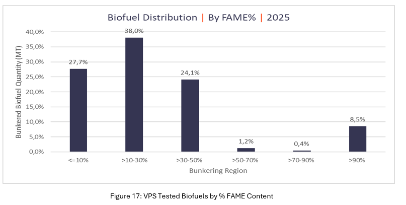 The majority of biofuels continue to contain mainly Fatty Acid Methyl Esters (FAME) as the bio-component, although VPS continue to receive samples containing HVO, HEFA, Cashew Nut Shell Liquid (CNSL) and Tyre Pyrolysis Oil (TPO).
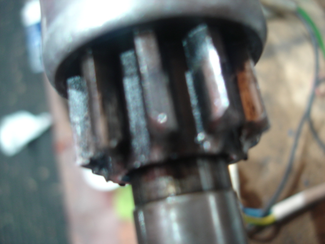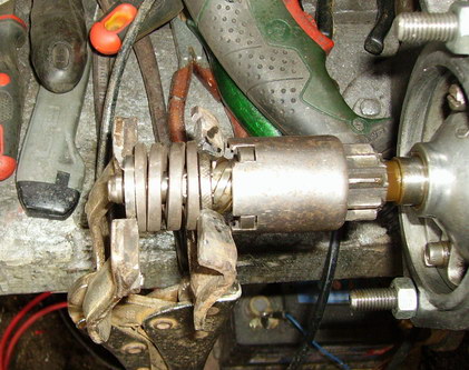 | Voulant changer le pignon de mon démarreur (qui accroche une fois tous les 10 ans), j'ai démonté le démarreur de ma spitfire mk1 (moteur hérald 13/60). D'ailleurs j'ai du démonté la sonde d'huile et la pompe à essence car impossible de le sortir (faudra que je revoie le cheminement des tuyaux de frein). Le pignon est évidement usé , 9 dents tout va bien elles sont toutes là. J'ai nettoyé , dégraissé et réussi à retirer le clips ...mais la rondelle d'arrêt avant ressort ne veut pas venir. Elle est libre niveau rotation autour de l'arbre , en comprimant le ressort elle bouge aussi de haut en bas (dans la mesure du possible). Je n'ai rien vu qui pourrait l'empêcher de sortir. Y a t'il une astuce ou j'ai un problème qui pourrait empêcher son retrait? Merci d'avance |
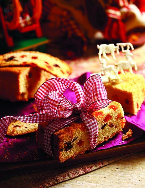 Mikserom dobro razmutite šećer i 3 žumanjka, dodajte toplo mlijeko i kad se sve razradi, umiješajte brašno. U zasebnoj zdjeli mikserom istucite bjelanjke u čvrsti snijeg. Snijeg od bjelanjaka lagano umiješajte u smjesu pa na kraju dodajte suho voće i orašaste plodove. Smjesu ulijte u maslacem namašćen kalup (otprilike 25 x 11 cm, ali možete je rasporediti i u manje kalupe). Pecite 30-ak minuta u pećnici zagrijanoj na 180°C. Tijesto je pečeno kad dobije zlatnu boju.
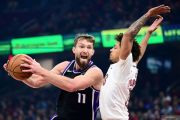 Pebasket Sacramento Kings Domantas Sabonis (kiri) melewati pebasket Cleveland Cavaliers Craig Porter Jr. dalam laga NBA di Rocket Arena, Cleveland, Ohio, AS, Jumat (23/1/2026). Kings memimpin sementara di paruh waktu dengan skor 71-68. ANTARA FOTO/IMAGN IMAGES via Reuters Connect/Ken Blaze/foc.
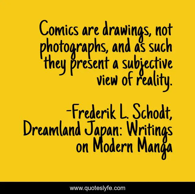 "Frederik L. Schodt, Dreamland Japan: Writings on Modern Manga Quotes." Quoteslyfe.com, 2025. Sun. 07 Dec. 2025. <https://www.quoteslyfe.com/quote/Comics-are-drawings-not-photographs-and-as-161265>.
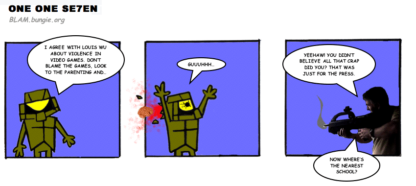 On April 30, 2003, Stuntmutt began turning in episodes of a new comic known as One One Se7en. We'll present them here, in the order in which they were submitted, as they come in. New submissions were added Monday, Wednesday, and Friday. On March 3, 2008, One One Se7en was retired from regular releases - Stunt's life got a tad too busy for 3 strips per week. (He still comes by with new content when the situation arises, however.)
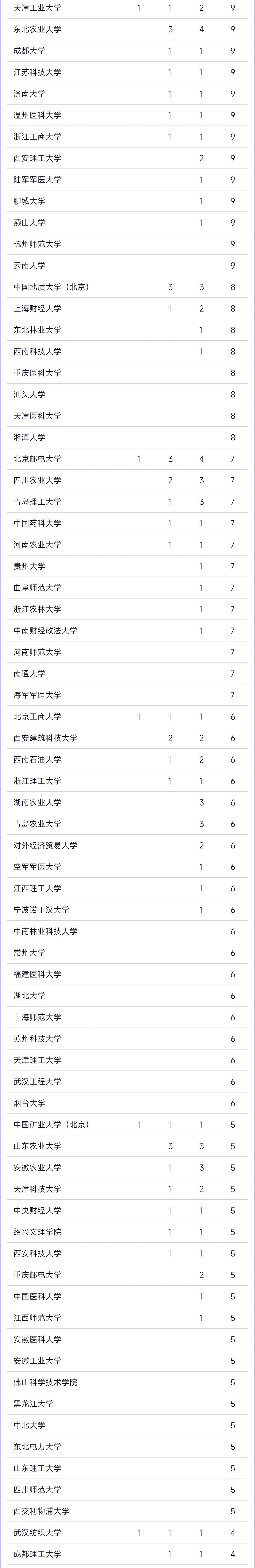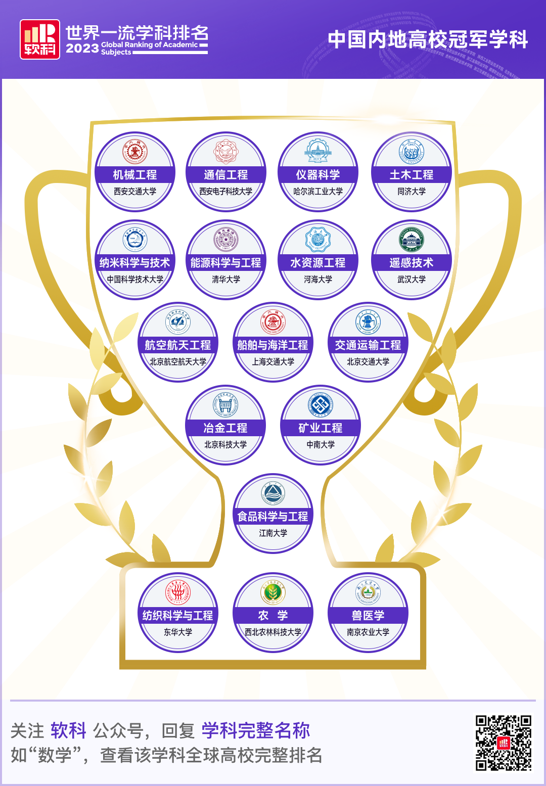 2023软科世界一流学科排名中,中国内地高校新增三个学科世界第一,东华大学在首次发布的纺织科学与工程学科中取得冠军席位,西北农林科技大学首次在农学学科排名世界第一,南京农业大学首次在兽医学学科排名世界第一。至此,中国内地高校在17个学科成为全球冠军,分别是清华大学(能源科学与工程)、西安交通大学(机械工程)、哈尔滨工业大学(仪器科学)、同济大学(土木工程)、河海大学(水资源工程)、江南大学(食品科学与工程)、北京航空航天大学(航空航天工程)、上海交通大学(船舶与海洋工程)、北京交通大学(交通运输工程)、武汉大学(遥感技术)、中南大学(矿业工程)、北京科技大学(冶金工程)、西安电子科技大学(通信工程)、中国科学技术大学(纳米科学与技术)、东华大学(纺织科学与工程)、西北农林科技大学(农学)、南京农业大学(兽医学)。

————————

◆ **TRY IT**: Provide an exact copy of the records, excluding every picture.

◆ **SOLUTION TO THIS EXERCISE**:
 The majority of biofuels continue to contain mainly Fatty Acid Methyl Esters (FAME) as the bio-component, although VPS continue to receive samples containing HVO, HEFA, Cashew Nut Shell Liquid (CNSL) and Tyre Pyrolysis Oil (TPO).
 | Voulant changer le pignon de mon démarreur (qui accroche une fois tous les 10 ans), j'ai démonté le démarreur de ma spitfire mk1 (moteur hérald 13/60). D'ailleurs j'ai du démonté la sonde d'huile et la pompe à essence car impossible de le sortir (faudra que je revoie le cheminement des tuyaux de frein). Le pignon est évidement usé , 9 dents tout va bien elles sont toutes là. J'ai nettoyé , dégraissé et réussi à retirer le clips ...mais la rondelle d'arrêt avant ressort ne veut pas venir. Elle est libre niveau rotation autour de l'arbre , en comprimant le ressort elle bouge aussi de haut en bas (dans la mesure du possible). Je n'ai rien vu qui pourrait l'empêcher de sortir. Y a t'il une astuce ou j'ai un problème qui pourrait empêcher son retrait? Merci d'avance |
 Mikserom dobro razmutite šećer i 3 žumanjka, dodajte toplo mlijeko i kad se sve razradi, umiješajte brašno. U zasebnoj zdjeli mikserom istucite bjelanjke u čvrsti snijeg. Snijeg od bjelanjaka lagano umiješajte u smjesu pa na kraju dodajte suho voće i orašaste plodove. Smjesu ulijte u maslacem namašćen kalup (otprilike 25 x 11 cm, ali možete je rasporediti i u manje kalupe). Pecite 30-ak minuta u pećnici zagrijanoj na 180°C. Tijesto je pečeno kad dobije zlatnu boju.
 Pebasket Sacramento Kings Domantas Sabonis (kiri) melewati pebasket Cleveland Cavaliers Craig Porter Jr. dalam laga NBA di Rocket Arena, Cleveland, Ohio, AS, Jumat (23/1/2026). Kings memimpin sementara di paruh waktu dengan skor 71-68. ANTARA FOTO/IMAGN IMAGES via Reuters Connect/Ken Blaze/foc.
 "Frederik L. Schodt, Dreamland Japan: Writings on Modern Manga Quotes." Quoteslyfe.com, 2025. Sun. 07 Dec. 2025. <https://www.quoteslyfe.com/quote/Comics-are-drawings-not-photographs-and-as-161265>.
 On April 30, 2003, Stuntmutt began turning in episodes of a new comic known as One One Se7en. We'll present them here, in the order in which they were submitted, as they come in. New submissions were added Monday, Wednesday, and Friday. On March 3, 2008, One One Se7en was retired from regular releases - Stunt's life got a tad too busy for 3 strips per week. (He still comes by with new content when the situation arises, however.)
 2023软科世界一流学科排名中,中国内地高校新增三个学科世界第一,东华大学在首次发布的纺织科学与工程学科中取得冠军席位,西北农林科技大学首次在农学学科排名世界第一,南京农业大学首次在兽医学学科排名世界第一。至此,中国内地高校在17个学科成为全球冠军,分别是清华大学(能源科学与工程)、西安交通大学(机械工程)、哈尔滨工业大学(仪器科学)、同济大学(土木工程)、河海大学(水资源工程)、江南大学(食品科学与工程)、北京航空航天大学(航空航天工程)、上海交通大学(船舶与海洋工程)、北京交通大学(交通运输工程)、武汉大学(遥感技术)、中南大学(矿业工程)、北京科技大学(冶金工程)、西安电子科技大学(通信工程)、中国科学技术大学(纳米科学与技术)、东华大学(纺织科学与工程)、西北农林科技大学(农学)、南京农业大学(兽医学)。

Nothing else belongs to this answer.